One of the biggest factors for life insurance is to replace income. If you are the sole provider for your dependents and bring in $40,000 a year, for example, you will need a policy payout that is large enough to replace your income, plus a little extra to guard against inflation.
To err on the safe side, assume that the lump sum payout of your policy is invested at 8%. You will need a $500,000 policy just to replace your income. This is not a set rule, but adding your yearly income back into the policy ($500,000 + $40,000 = $540,000 in this case) is a fairly good guard against inflation. Once you determine the required face value of your insurance policy, you can start shopping around. There are many online insurance estimators that can help you determine how much insurance you will need.
Obviously, there are other people in your life who are important to you, and you may wonder if you should insure them. As a rule, you should only insure people whose death would mean a financial loss to you. The death of a child, while emotionally devastating, does not constitute a financial loss because children cost money to raise. The death of an income-earning spouse, however, does create a situation with both emotional and financial losses.
In that case, follow the income replacement calculation with his or her income. This also goes for business partners with whom you have a financial relationship. For example, consider someone with whom you have a shared responsibility for mortgage payments on a co-owned property. You may want to consider a policy for that person, as that person’s death will have a big impact on your financial situation.
Life Insurance Needs Example
Most insurance companies say a reasonable amount for life insurance is six to 10 times the amount of annual salary. Another way to calculate the amount of life insurance needed is to multiply your annual salary by the number of years left until retirement. For example, if a 40-year-old currently makes $20,000 a year, they will need $500,000 (25 years × $20,000) in life insurance.

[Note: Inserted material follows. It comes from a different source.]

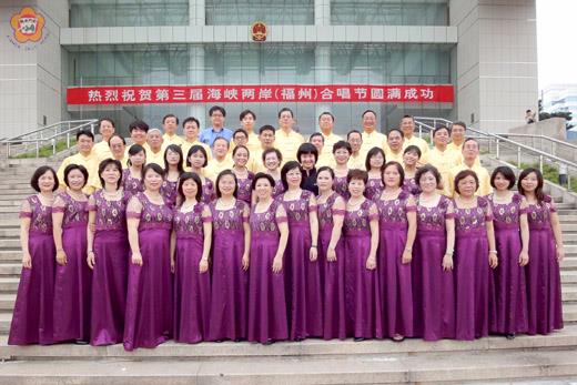 金門縣合唱團赴大陸福州市參加「第三屆兩岸合唱節」比賽,「藝」鳴驚人,榮獲銅茉莉獎的佳績,此行,金門縣合唱團還應邀參加「中國婦女創業創新成果博覽會」開幕式與「激情廣場激情夜,兩岸同歌手拉手」的大型聯誼晚會活動演出,為兩岸的藝術文化交流和行銷金酒發聲,寫下美好的一頁。 金門縣合唱團於六月十七日到二十一日在文化局課長周祥敏和課員陳建武的率隊下,包括總幹事陳賢德老師與四十七位團員一起參加「第三屆兩岸合唱節」比賽。 據了解,金門縣合唱團係台灣最早參與海峽兩岸合唱節的團隊,曾於前年2008年參加在福州 舉行的「放歌海西-海峽兩岸首屆合節」榮獲銅茉莉獎,此次再度應邀參加大陸的大型合唱比賽。 金門縣合唱團初賽演唱「輕笑」和「龍的傳人」;複賽則以「嘎哦麗泰」和「快樂的聚會」等歌曲與海峽兩岸之優秀合唱團隊軋歌,由於這次參與比賽的團隊都是海峽兩岸專業或半專業的最優秀團隊,因此金門縣合唱團也特別禮聘任教於湖北省武漢音樂學院的大陸名指揮潘宇凌,遠道從湖北趕來作密集的賽前指導並擔任比賽指揮,經過多次辛勤的練習綵排,才上場比賽。 為爭取最佳成績,團員們都非常認真的練習,雖然比賽結果成績和台灣的永和愛樂合唱團、靜宸合唱團等並列銅茉莉獎,但指揮和團員們都覺得很有進步和收穫。 此外,金門縣合唱團也在六月十九日上午,應邀參加假福州會展中心舉行的「中國婦女創業創新成果博覽會」開幕式;晚上並參加福州五城區激情廣場舉行的「激情廣場激情夜,兩岸同歌手拉手」的大型聯誼晚會活動,為兩岸的藝術文化交流和行銷金酒發聲,留下美好的紀錄。

The standard-of-living method is based on the amount of money that survivors would need to maintain their standard of living if the insured party dies. You take that amount and multiply it by 20. The thought process here is that survivors can take a 5% withdrawal from the death benefit each year—the equivalent of the standard-of-living amount—while investing the death benefit principal and earning 5% or better.
Alternatives to Life Insurance
If you’re getting life insurance purely to cover debts and have no dependents, there are alternatives. Lending institutions have seen the profits of insurance companies and are getting in on the act. Credit card companies and banks offer insurance deductibles on your outstanding balances. This often amounts to a few dollars a month and, in the event of your death, the policy will pay that particular debt in full. If you opt for this coverage from a lending institution, then make sure to subtract that debt from any calculations you make for life insurance; being doubly insured is a needless cost.
The Bottom Line
If you need life insurance, it is important to know how much and what kind you need. Renewable term insurance is generally sufficient for most people, but you have to look at your own situation. If you choose to buy insurance through an agent, decide on what you’ll need beforehand to avoid getting stuck with inadequate coverage or expensive coverage that you don’t need. As with investing, educating yourself is essential to making the right choice. So be sure to do your research to ensure that you acquire the best life insurance possible.